* _What needs to be done_: Return each line of the data below exactly, omitting any pictures.

* _Dataset records_:
----------------

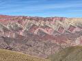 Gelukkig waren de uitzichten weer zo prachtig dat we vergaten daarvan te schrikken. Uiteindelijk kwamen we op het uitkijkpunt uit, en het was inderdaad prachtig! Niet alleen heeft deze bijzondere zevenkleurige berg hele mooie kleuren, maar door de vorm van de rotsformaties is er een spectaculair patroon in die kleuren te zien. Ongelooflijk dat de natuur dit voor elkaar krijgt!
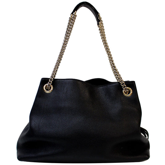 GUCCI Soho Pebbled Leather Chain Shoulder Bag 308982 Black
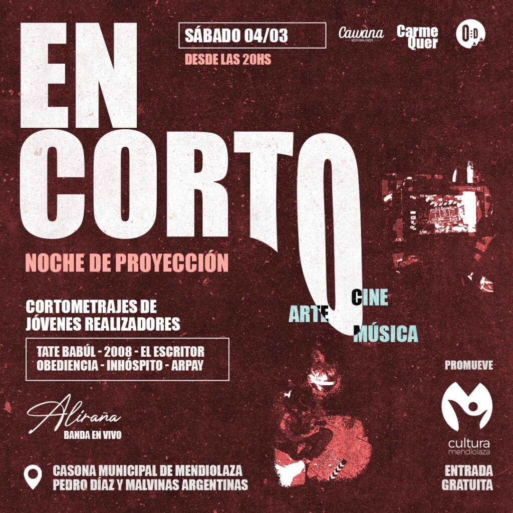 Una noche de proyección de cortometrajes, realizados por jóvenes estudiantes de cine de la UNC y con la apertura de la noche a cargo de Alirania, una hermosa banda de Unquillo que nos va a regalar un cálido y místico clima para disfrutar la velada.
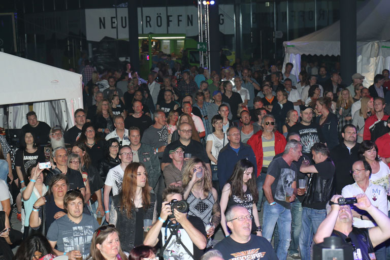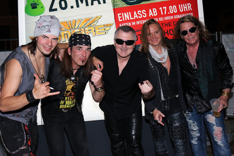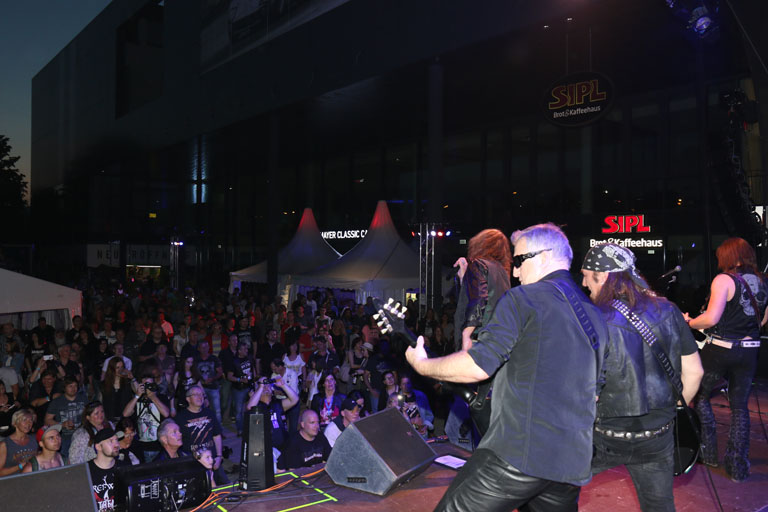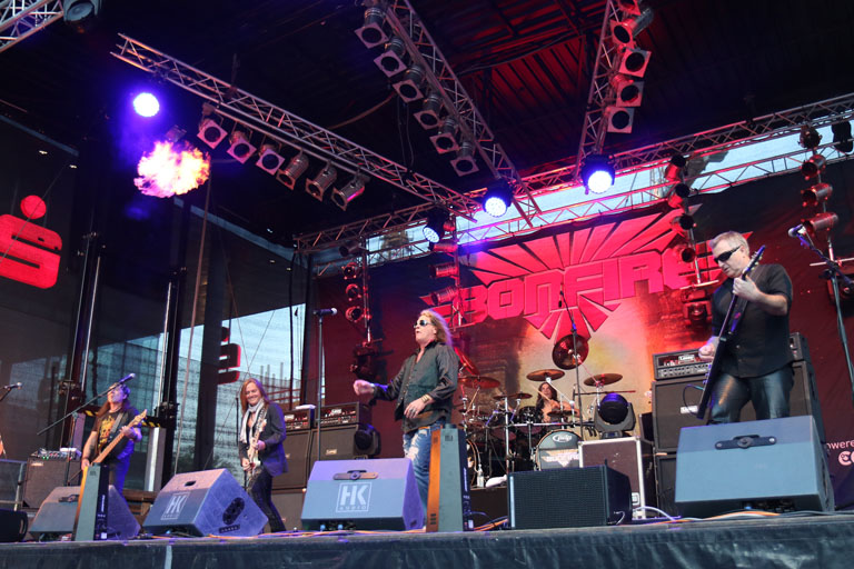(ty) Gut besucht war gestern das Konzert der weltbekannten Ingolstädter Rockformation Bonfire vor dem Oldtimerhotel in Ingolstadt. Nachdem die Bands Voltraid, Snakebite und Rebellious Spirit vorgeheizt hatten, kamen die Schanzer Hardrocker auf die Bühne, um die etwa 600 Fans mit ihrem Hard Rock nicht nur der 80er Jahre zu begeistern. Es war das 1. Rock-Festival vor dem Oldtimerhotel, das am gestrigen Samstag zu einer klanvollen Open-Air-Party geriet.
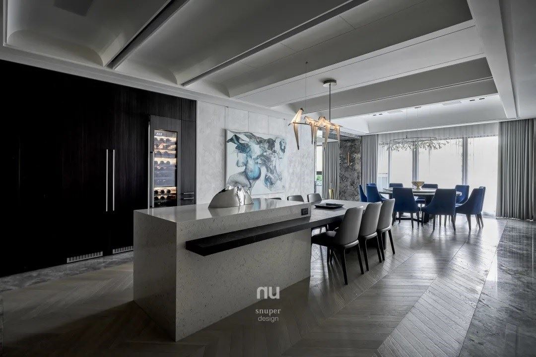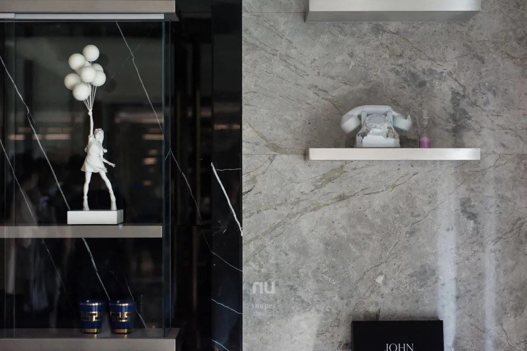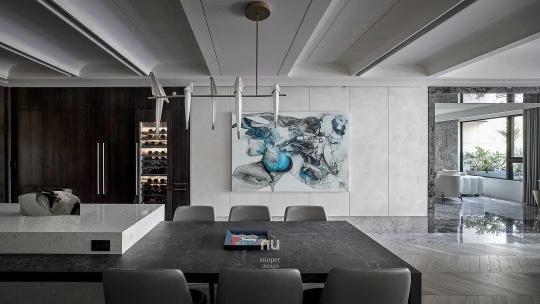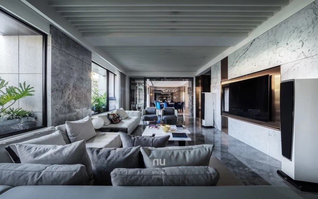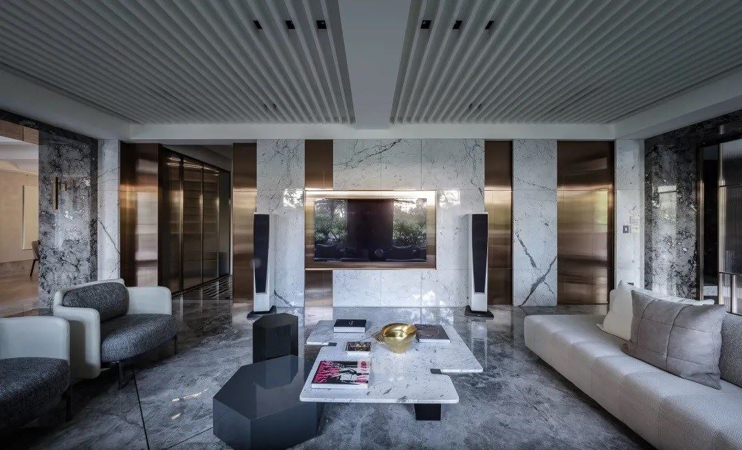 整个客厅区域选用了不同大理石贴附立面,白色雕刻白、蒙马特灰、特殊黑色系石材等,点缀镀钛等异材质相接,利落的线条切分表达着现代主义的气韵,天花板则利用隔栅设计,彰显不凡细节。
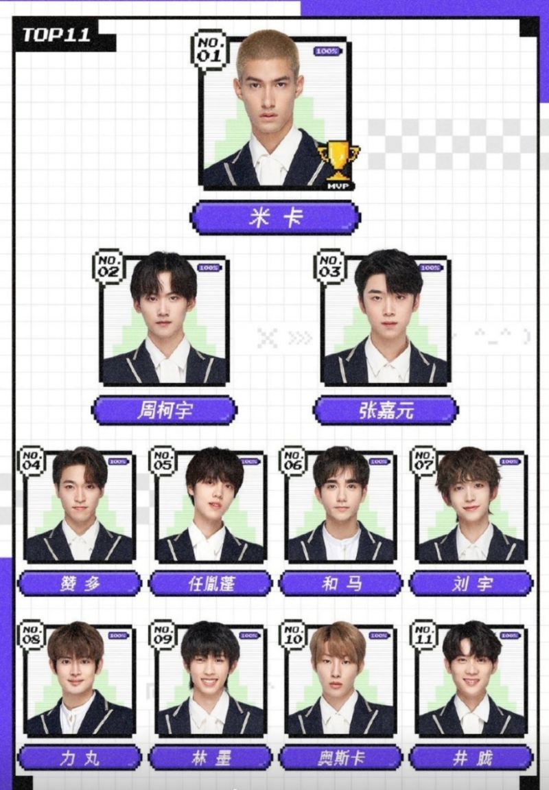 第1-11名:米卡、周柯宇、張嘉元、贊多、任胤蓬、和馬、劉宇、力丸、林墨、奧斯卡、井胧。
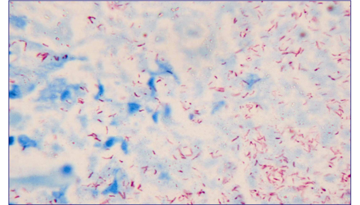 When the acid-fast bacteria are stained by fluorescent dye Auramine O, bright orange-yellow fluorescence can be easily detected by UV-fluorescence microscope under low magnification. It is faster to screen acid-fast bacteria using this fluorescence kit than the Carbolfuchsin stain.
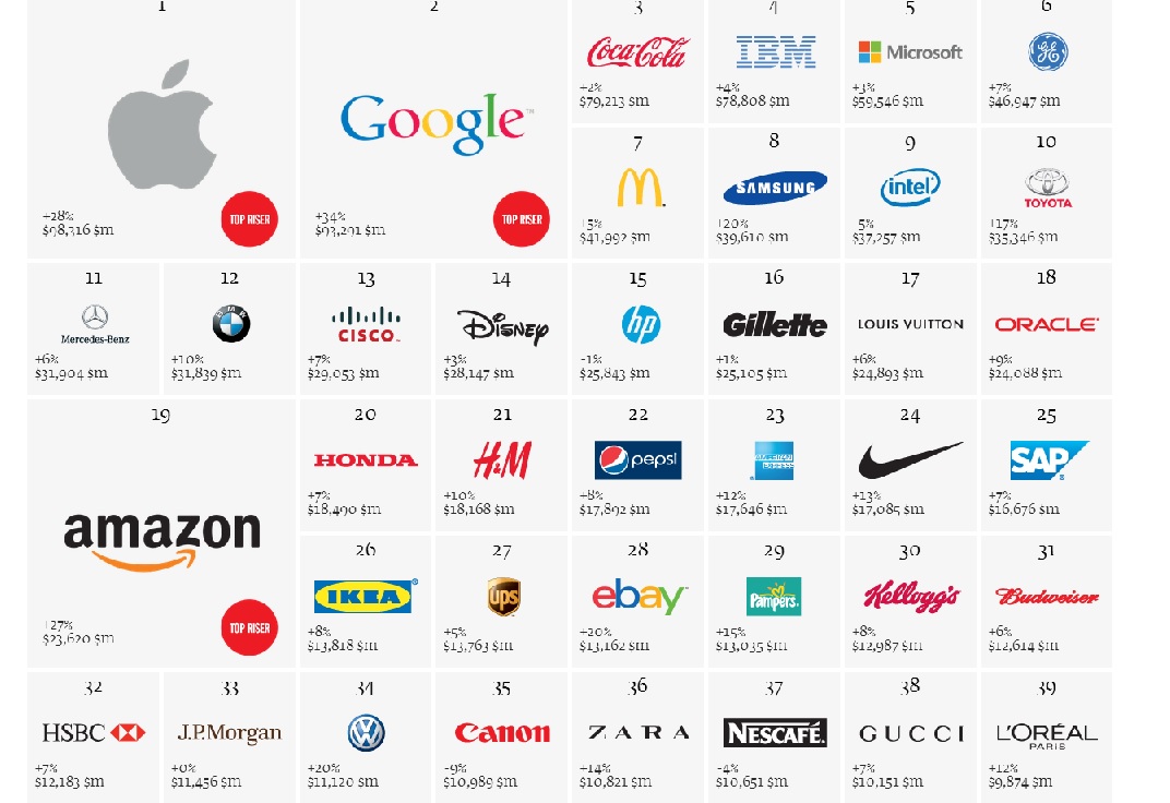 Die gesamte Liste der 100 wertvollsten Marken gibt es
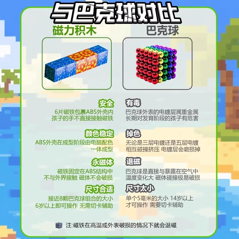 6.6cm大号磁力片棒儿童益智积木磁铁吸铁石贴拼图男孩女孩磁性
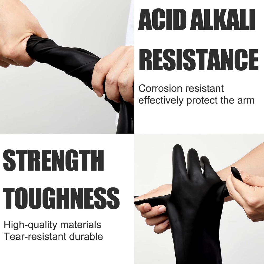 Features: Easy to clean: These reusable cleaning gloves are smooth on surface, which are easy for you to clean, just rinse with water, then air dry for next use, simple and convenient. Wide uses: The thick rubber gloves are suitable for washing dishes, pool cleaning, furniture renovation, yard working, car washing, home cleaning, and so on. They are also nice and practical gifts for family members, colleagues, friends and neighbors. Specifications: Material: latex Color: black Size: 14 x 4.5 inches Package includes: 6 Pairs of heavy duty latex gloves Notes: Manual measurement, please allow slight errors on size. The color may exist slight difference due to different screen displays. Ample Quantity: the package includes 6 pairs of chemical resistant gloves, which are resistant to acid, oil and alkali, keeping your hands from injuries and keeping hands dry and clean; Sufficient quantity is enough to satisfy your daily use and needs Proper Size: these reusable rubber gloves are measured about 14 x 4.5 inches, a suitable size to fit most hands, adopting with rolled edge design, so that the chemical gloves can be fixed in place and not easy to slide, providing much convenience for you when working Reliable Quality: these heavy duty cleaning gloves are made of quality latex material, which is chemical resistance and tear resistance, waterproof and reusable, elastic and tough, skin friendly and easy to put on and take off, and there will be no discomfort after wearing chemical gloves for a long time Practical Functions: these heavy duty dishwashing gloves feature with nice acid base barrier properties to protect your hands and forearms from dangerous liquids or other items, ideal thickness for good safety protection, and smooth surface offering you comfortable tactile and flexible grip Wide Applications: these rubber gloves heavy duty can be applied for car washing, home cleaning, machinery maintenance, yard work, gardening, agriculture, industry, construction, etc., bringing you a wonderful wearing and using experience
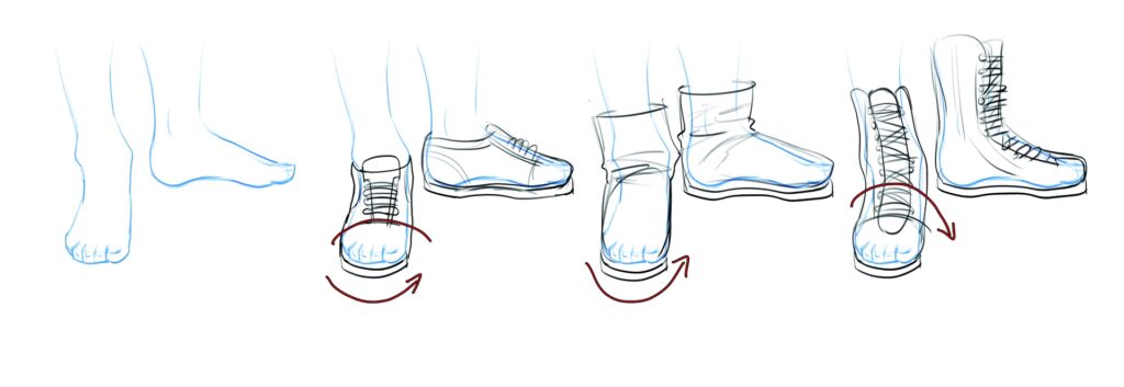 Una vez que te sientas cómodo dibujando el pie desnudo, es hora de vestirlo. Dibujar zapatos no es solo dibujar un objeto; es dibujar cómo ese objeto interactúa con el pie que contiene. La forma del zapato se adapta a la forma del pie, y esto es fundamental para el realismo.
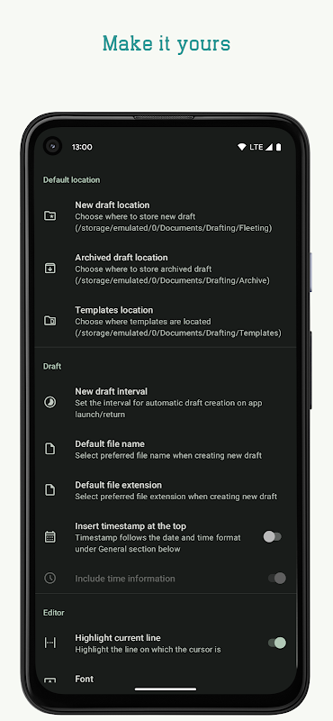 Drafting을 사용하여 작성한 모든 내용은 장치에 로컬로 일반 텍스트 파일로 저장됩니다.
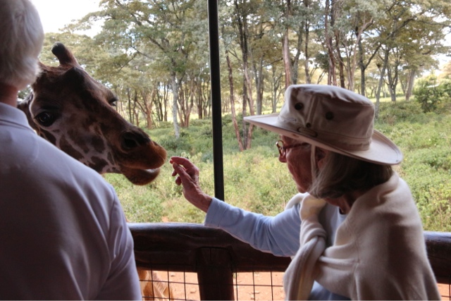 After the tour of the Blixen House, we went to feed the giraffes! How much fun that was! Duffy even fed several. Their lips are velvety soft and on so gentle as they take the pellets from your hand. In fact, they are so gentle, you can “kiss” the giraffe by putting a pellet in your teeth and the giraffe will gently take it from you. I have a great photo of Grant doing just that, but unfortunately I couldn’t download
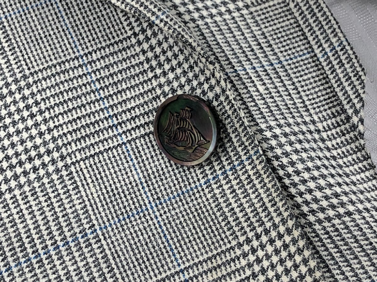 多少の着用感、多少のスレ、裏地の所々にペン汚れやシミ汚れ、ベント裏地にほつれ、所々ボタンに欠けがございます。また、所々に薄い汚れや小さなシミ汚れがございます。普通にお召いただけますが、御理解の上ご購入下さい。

----------------

* _Solution below_:
 Gelukkig waren de uitzichten weer zo prachtig dat we vergaten daarvan te schrikken. Uiteindelijk kwamen we op het uitkijkpunt uit, en het was inderdaad prachtig! Niet alleen heeft deze bijzondere zevenkleurige berg hele mooie kleuren, maar door de vorm van de rotsformaties is er een spectaculair patroon in die kleuren te zien. Ongelooflijk dat de natuur dit voor elkaar krijgt!
 GUCCI Soho Pebbled Leather Chain Shoulder Bag 308982 Black
 Una noche de proyección de cortometrajes, realizados por jóvenes estudiantes de cine de la UNC y con la apertura de la noche a cargo de Alirania, una hermosa banda de Unquillo que nos va a regalar un cálido y místico clima para disfrutar la velada.
(ty) Gut besucht war gestern das Konzert der weltbekannten Ingolstädter Rockformation Bonfire vor dem Oldtimerhotel in Ingolstadt. Nachdem die Bands Voltraid, Snakebite und Rebellious Spirit vorgeheizt hatten, kamen die Schanzer Hardrocker auf die Bühne, um die etwa 600 Fans mit ihrem Hard Rock nicht nur der 80er Jahre zu begeistern. Es war das 1. Rock-Festival vor dem Oldtimerhotel, das am gestrigen Samstag zu einer klanvollen Open-Air-Party geriet.
 整个客厅区域选用了不同大理石贴附立面,白色雕刻白、蒙马特灰、特殊黑色系石材等,点缀镀钛等异材质相接,利落的线条切分表达着现代主义的气韵,天花板则利用隔栅设计,彰显不凡细节。
 第1-11名:米卡、周柯宇、張嘉元、贊多、任胤蓬、和馬、劉宇、力丸、林墨、奧斯卡、井胧。
 When the acid-fast bacteria are stained by fluorescent dye Auramine O, bright orange-yellow fluorescence can be easily detected by UV-fluorescence microscope under low magnification. It is faster to screen acid-fast bacteria using this fluorescence kit than the Carbolfuchsin stain.
 Die gesamte Liste der 100 wertvollsten Marken gibt es
 6.6cm大号磁力片棒儿童益智积木磁铁吸铁石贴拼图男孩女孩磁性
 Features: Easy to clean: These reusable cleaning gloves are smooth on surface, which are easy for you to clean, just rinse with water, then air dry for next use, simple and convenient. Wide uses: The thick rubber gloves are suitable for washing dishes, pool cleaning, furniture renovation, yard working, car washing, home cleaning, and so on. They are also nice and practical gifts for family members, colleagues, friends and neighbors. Specifications: Material: latex Color: black Size: 14 x 4.5 inches Package includes: 6 Pairs of heavy duty latex gloves Notes: Manual measurement, please allow slight errors on size. The color may exist slight difference due to different screen displays. Ample Quantity: the package includes 6 pairs of chemical resistant gloves, which are resistant to acid, oil and alkali, keeping your hands from injuries and keeping hands dry and clean; Sufficient quantity is enough to satisfy your daily use and needs Proper Size: these reusable rubber gloves are measured about 14 x 4.5 inches, a suitable size to fit most hands, adopting with rolled edge design, so that the chemical gloves can be fixed in place and not easy to slide, providing much convenience for you when working Reliable Quality: these heavy duty cleaning gloves are made of quality latex material, which is chemical resistance and tear resistance, waterproof and reusable, elastic and tough, skin friendly and easy to put on and take off, and there will be no discomfort after wearing chemical gloves for a long time Practical Functions: these heavy duty dishwashing gloves feature with nice acid base barrier properties to protect your hands and forearms from dangerous liquids or other items, ideal thickness for good safety protection, and smooth surface offering you comfortable tactile and flexible grip Wide Applications: these rubber gloves heavy duty can be applied for car washing, home cleaning, machinery maintenance, yard work, gardening, agriculture, industry, construction, etc., bringing you a wonderful wearing and using experience
 Una vez que te sientas cómodo dibujando el pie desnudo, es hora de vestirlo. Dibujar zapatos no es solo dibujar un objeto; es dibujar cómo ese objeto interactúa con el pie que contiene. La forma del zapato se adapta a la forma del pie, y esto es fundamental para el realismo.
 Drafting을 사용하여 작성한 모든 내용은 장치에 로컬로 일반 텍스트 파일로 저장됩니다.
 After the tour of the Blixen House, we went to feed the giraffes! How much fun that was! Duffy even fed several. Their lips are velvety soft and on so gentle as they take the pellets from your hand. In fact, they are so gentle, you can “kiss” the giraffe by putting a pellet in your teeth and the giraffe will gently take it from you. I have a great photo of Grant doing just that, but unfortunately I couldn’t download
 多少の着用感、多少のスレ、裏地の所々にペン汚れやシミ汚れ、ベント裏地にほつれ、所々ボタンに欠けがございます。また、所々に薄い汚れや小さなシミ汚れがございます。普通にお召いただけますが、御理解の上ご購入下さい。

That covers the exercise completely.